Comparative transcript profiling explores differentially expressed genes associated with sexual phenotype in kiwifruit

Background Kiwifruit is a perennial, deciduous and functionally dioecious plant. However, very little is known about the whole-genome molecular mechanisms contributing to distinct sexual phenotypes. To gain a global view of genes differentially expressed between male and female flowers, we analyzed genome-wide gene expression profiles in the flowers of male and female plants using high-throughput RNA sequencing. Results A total of 53.5 million reads were generated. Based on the alignments of unigenes to kiwifruit genome predicted genes, a total of 39,040 unique genes with a mean length of 970 bp were identified. There were 2,503 UniGenes differentially expressed between female and male flowers, with 1,793 up-regulated and 710 down-regulated in the female flowers. Moreover, the gene expression pattern of 17 out of 19 unigenes differentially expressed between male and female flowers revealed by RNA-Seq was confirmed by real-time quantitative PCR (qRT-PCR). Conclusions Here, we obtained a large number of EST sequences from female and male flowers of kiwifruit. This comparative transcriptome analysis provides an invaluable resource for gene expression, genomics, and functional genomic studies in A. chinensis and its related species. This study also represents a first step toward the investigation of genes involved in kiwifruit sex determination.
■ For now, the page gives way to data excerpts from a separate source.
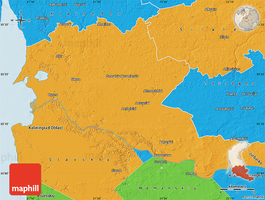 The flat political map represents one of several map types and styles available. Look at Siltues, Klaipeda, Lithuania from different perspectives.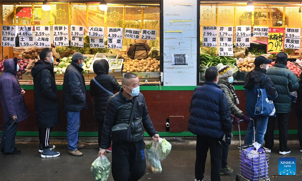 Citizens buy vegetables at a market in Beilin District of Xi'an, northwest China's Shaanxi Province, Jan. 23, 2022. (Xinhua/Tao Ming)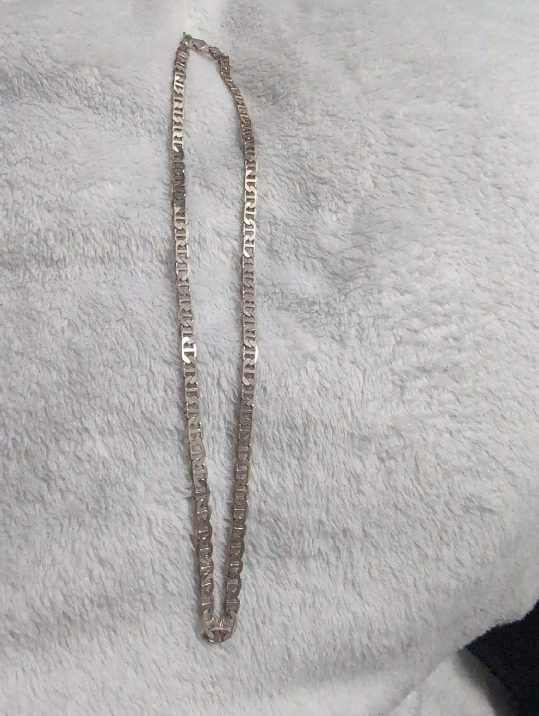 Selling a silver chain necklace. It appears to be in good condition and has a unique mariner link design. Perfect for adding a touch of style to any outfit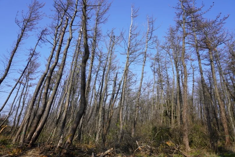 枯れたマツはもう元には戻らず、倒木の危険性や農業被害も出てるし、枯れ木にもまだ虫がいて感染を広げるので、いま大急ぎで伐っていますがそれでも追いついていない現状。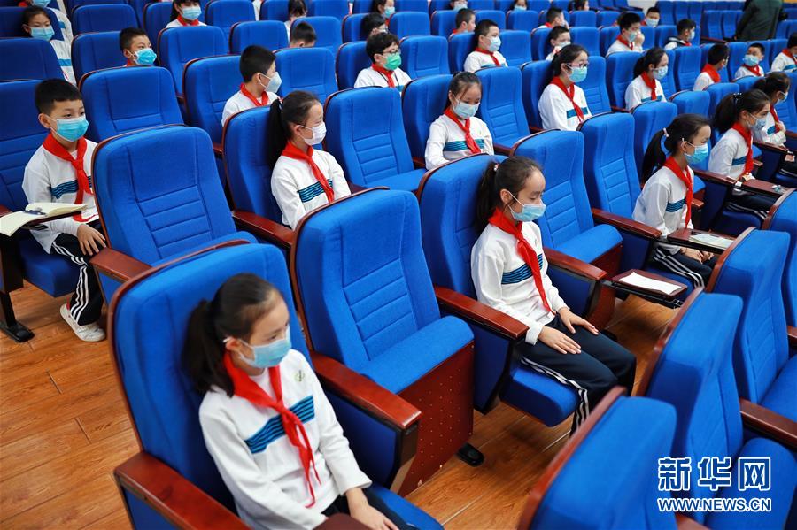 5月25日,廣州市荔灣區(qū)蔣光鼐紀念小學的學生在參加升國旗唱國歌儀式。當日,廣州市各小學一至三年級學生正式開學復課。至此,廣州市中小學各年級已全部開學復課。新華社記者盧漢欣攝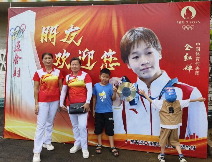 隨之,全紅嬋的家鄉廣東省湛江市麻章區邁合村又一次“火”了!村子入口處,一座白色村牌矗立,奧運會五環造型鑲在頂部,一旁有全紅嬋奪冠海報,全紅嬋爺爺家門口,寫着“朋友,邁合村歡迎您!”字樣的立牌格外醒目,紛至沓來的遊客開心地與之合照打卡。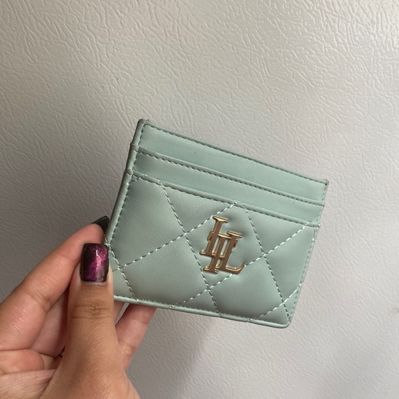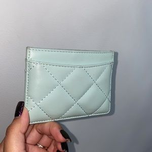 This cute Tiffany blue cardholder is in good condition and has 4 pockets to hold in cash and credit cards. Perfect for small bags

背景 猕猴桃为多年生落叶功能性雌雄异株植物。目前学界对调控其独特性别表型的全基因组分子机制仍鲜有研究。为全面解析雌雄花间差异表达基因的整体特征，本研究采用高通量RNA测序技术，对雌雄猕猴桃植株的花组织开展全基因组基因表达谱分析。 结果 本研究共获得5350万条测序读段。将单基因（unigene）与猕猴桃基因组预测基因进行序列比对后，共鉴定得到39040个独特基因，其平均长度为970 bp。雌雄花间共有2503个单基因呈现差异表达，其中雌花中有1793个基因上调表达，710个基因下调表达。此外，本研究通过实时定量聚合酶链式反应（real-time quantitative PCR, qRT-PCR），验证了RNA测序筛选出的19个雌雄差异表达单基因中17个的表达模式。 结论 本研究从猕猴桃雌雄花组织中获取了大量表达序列标签（expressed sequence tag, EST）。此项比较转录组分析为中华猕猴桃（Actinidia chinensis, A. chinensis）及其近缘物种的基因表达、基因组学及功能基因组学研究提供了宝贵的研究资源。本研究同时为解析猕猴桃性别决定相关基因的功能研究迈出了第一步。